**Task requirements**
With the pictures left out, retype exactly the lines below starting at the line that contains "Щетка для дрели" and ending at the line that contains "Праздник открыли малыши".

┌──

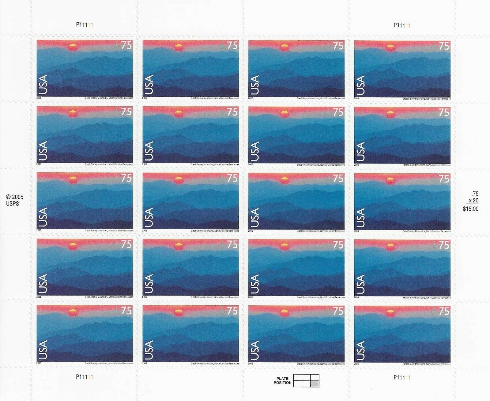 Great Smoky Mountains Sheet of Twenty 75 Cent Airmail Stamps Scott C140
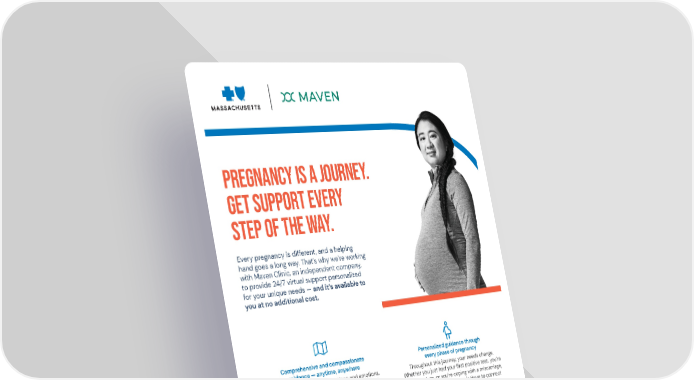 Here’s what you get with Maven • Unlimited video appointments and messaging with experts • Access to provider-led classes and pregnancy-related articles • A dedicated Care Advocate to help you make the most of Maven • The Maven app, with convenient access to the support you need Get started Sign up for Maven and get no-cost support today. Scan the QR code or go to mavenclinic.com/join/bcbsma Blue Cross Blue Shield of Massachusetts complies with applicable federal civil rights laws and does not discriminate on the basis of race, color, national origin, age, disability, sex, sexual orientation, or gender identity. ATTENTION: If you don’t speak English, language assistance services, free of charge, are available to you. Call Member Service at the number on your ID card (TTY: 711). ATENCIÓN: Si habla español, tiene a su disposición servicios gratuitos de asistencia con el idioma. Llame al número de Servicio al Cliente que figura en su tarjeta de identificación (TTY: 711). ATENÇÃO: Se fala português, são-lhe disponibilizados gratuitamente serviços de assistência de idiomas. Telefone para os Serviços aos Membros, através do número no seu cartão ID (TTY: 711). ® Registered Marks of the Blue Cross and Blue Shield Association. ®´ Registered Marks are the property of their respective owners. 002606864 (2/24) © 2024 Blue Cross and Blue Shield of Massachusetts, Inc., or Blue Cross and Blue Shield of Massachusetts HMO Blue, Inc.
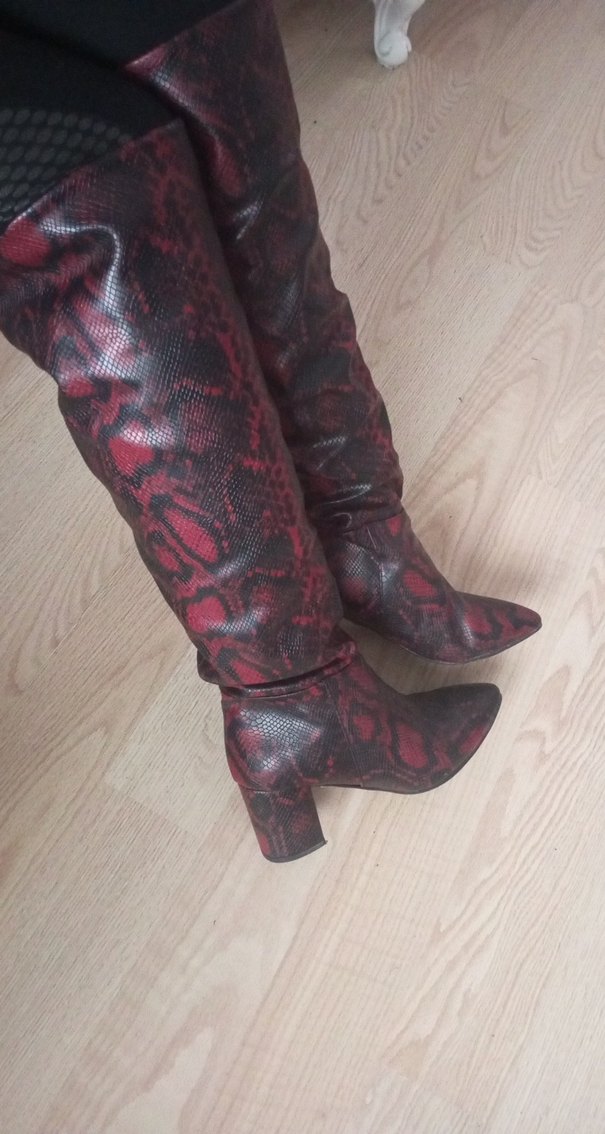 Bordo renkli, koyu yılan desenli deri tam siz kapigina kadar gelen çizme ,ici polarli sıcak tutuyor kalın topuklu tasarıma sahiptir. Günlük kullanıma uygun, cesur ve gotik stil sunar. bir kez kullandım yeni gibi
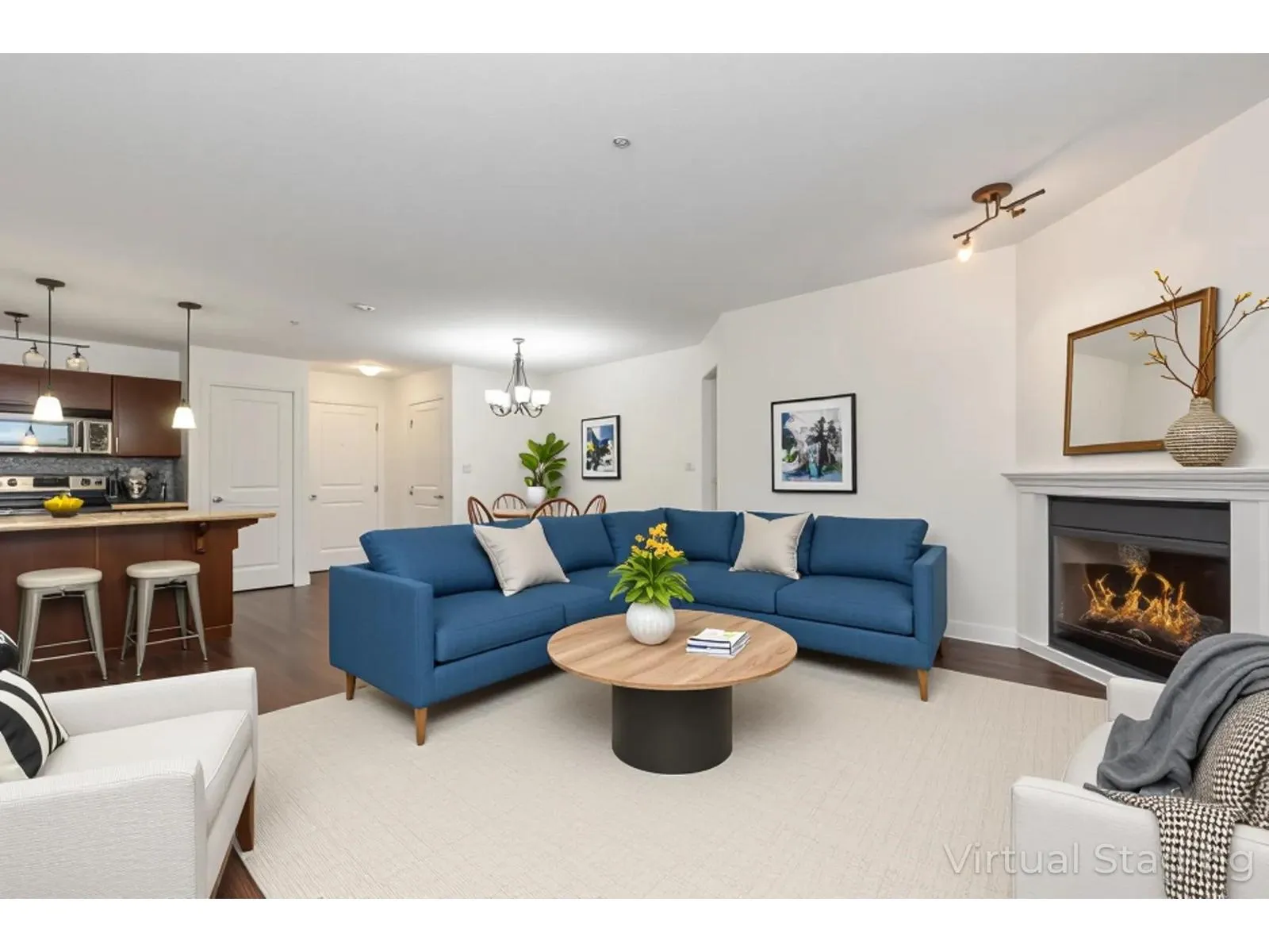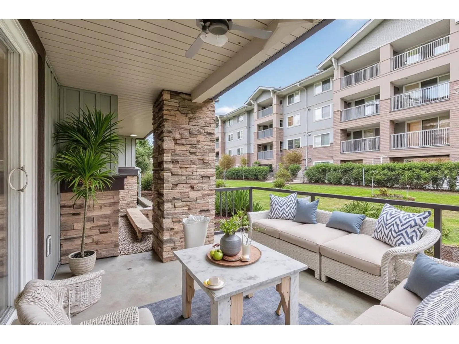 Welcome Home! The ELEMENT on Sandalwood Crescent, a perfect blend of comfort and convenience in the heart of Abbotsford! This cozy 2 Bed, 2 bathroom condo is on located on the quiet side of the building. Enjoy a bright and airy layout with a modern kitchen, cozy living room with fireplace, and direct walk-out access to a covered patio perfect for pets and ideal for morning coffee or evening relaxation. The master bedroom boasts a full ensuite and generous closet space. Ideal location centrally located just blocks to the Fraser Valley Regional Hospital and University of the Fraser Valley (UFV) This well-managed building is in a great area just steps from Mill Lake, Sevenoaks Mall, transit, and more. Pet-friendly and move-in ready - includes a RARE, TWO underground parking spaces & storage. (id:27476)
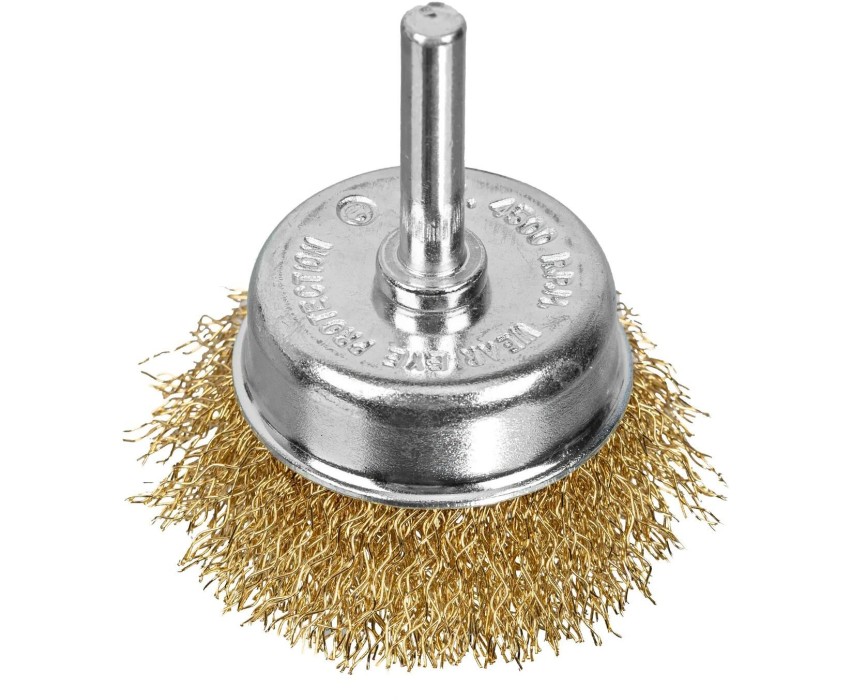 Щетка для дрели «чашка» Matrix 74475 диаметром 50 мм, со шпилькой и щетиной из латунированной витой проволоки, используется для очистки металлических, деревянных и пластиковых поверхностей от незначительных загрязнений и остатков лакокрасочных покрытий. Помогает подчеркнуть структуру материала или придать ему шероховатость. Хвостовик диаметром 6 мм устанавливается в патрон электродрели, поддерживающей скорость 4500 об/мин.
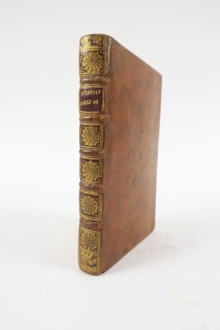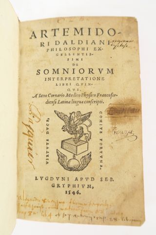ARTEMIDORE. Artemidori Daldiani. De Somniorum interpretatione libri quinque. Lyon, Seb. Gryphe 1546. in-8, 296 pp. Veau glacé, larges fleur. dor. au dos, pce de titre (Rel. du XVIIIe s.). Nombreuses annotations manuscrites de l'époque. Petit manque en marge latérale aux 3 derniers ff. avec perte de qqs lettres. Célèbre ouvrage ancien sur l'interprétation des rêves.
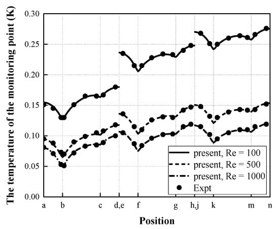 Comparison of the simulation results of the temperature at different monitoring points along the solid–fluid interface for rectangular blocks at Re = 100, 500, 1000 with the experimental data of Ref. [].
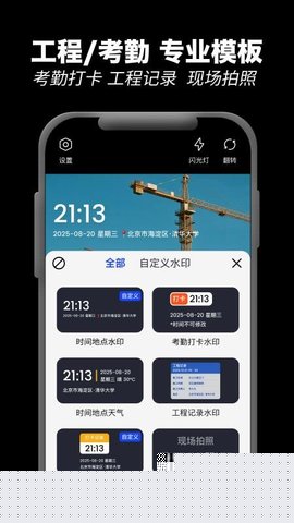 内置的水印模板库设计专业,分类清晰,能够精准契合建筑、安保、物流、零售、商务接待等多个垂直领域的现场记录与汇报要求。
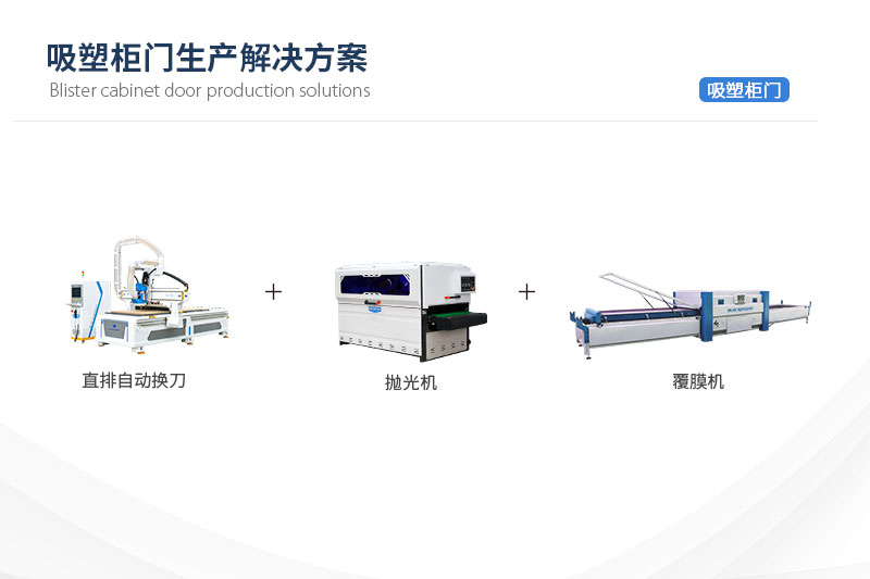 吸塑門/柜門生產線主要由自動換刀加工中心、拋光機、覆膜機、單頭鉸鏈鉆四種設備組成,可用于各種木門、吸塑門、柜門的生產加工。
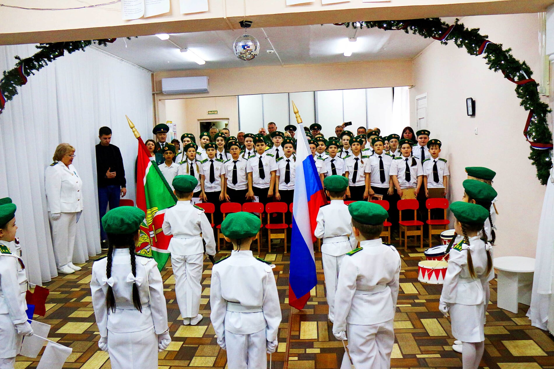 Праздник открыли малыши кадетского пограничного отряда под песню «Служить России». Затем, красивым строем вышел весь отряд, впереди которого гордо шагали знаменосцы, крепко держа Флаг РФ и Флаг Пограничных войск.
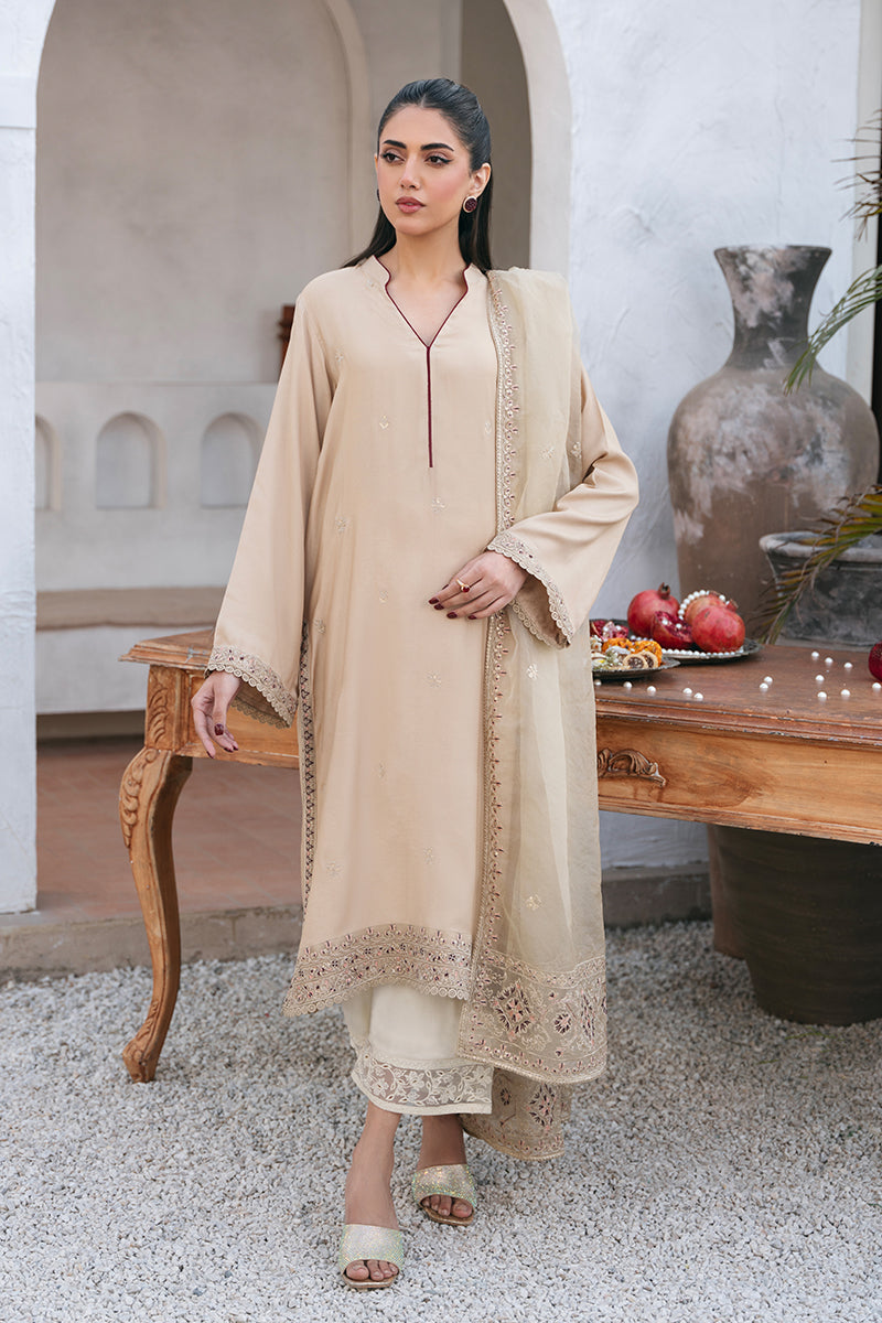 Elevate your Eid style with Esmey an intricately embroidered shirt paired with a sheer dupatta featuring striking contrast embroidery details perfect for a refined Eid look. Style it with Zola culottes for an ensemble that is both elegant and effortless.
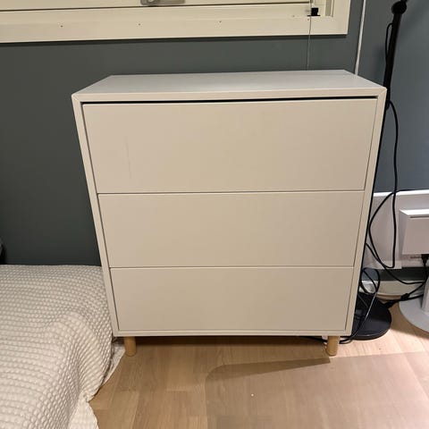 Lav kommode med to skuffer fra IKEA selges. Fremstår pent brukt. Et knappenålshull på toppen av platen og ved øverste håndtak men knapt mulig å se. Stått på gjesterom. Må hentes.

└──

**Task solution**
 Щетка для дрели «чашка» Matrix 74475 диаметром 50 мм, со шпилькой и щетиной из латунированной витой проволоки, используется для очистки металлических, деревянных и пластиковых поверхностей от незначительных загрязнений и остатков лакокрасочных покрытий. Помогает подчеркнуть структуру материала или придать ему шероховатость. Хвостовик диаметром 6 мм устанавливается в патрон электродрели, поддерживающей скорость 4500 об/мин.
ARTEMIDORE. Artemidori Daldiani. De Somniorum interpretatione libri quinque. Lyon, Seb. Gryphe 1546. in-8, 296 pp. Veau glacé, larges fleur. dor. au dos, pce de titre (Rel. du XVIIIe s.). Nombreuses annotations manuscrites de l'époque. Petit manque en marge latérale aux 3 derniers ff. avec perte de qqs lettres. Célèbre ouvrage ancien sur l'interprétation des rêves.
 Comparison of the simulation results of the temperature at different monitoring points along the solid–fluid interface for rectangular blocks at Re = 100, 500, 1000 with the experimental data of Ref. [].
 内置的水印模板库设计专业,分类清晰,能够精准契合建筑、安保、物流、零售、商务接待等多个垂直领域的现场记录与汇报要求。
 吸塑門/柜門生產線主要由自動換刀加工中心、拋光機、覆膜機、單頭鉸鏈鉆四種設備組成,可用于各種木門、吸塑門、柜門的生產加工。
 Праздник открыли малыши кадетского пограничного отряда под песню «Служить России». Затем, красивым строем вышел весь отряд, впереди которого гордо шагали знаменосцы, крепко держа Флаг РФ и Флаг Пограничных войск.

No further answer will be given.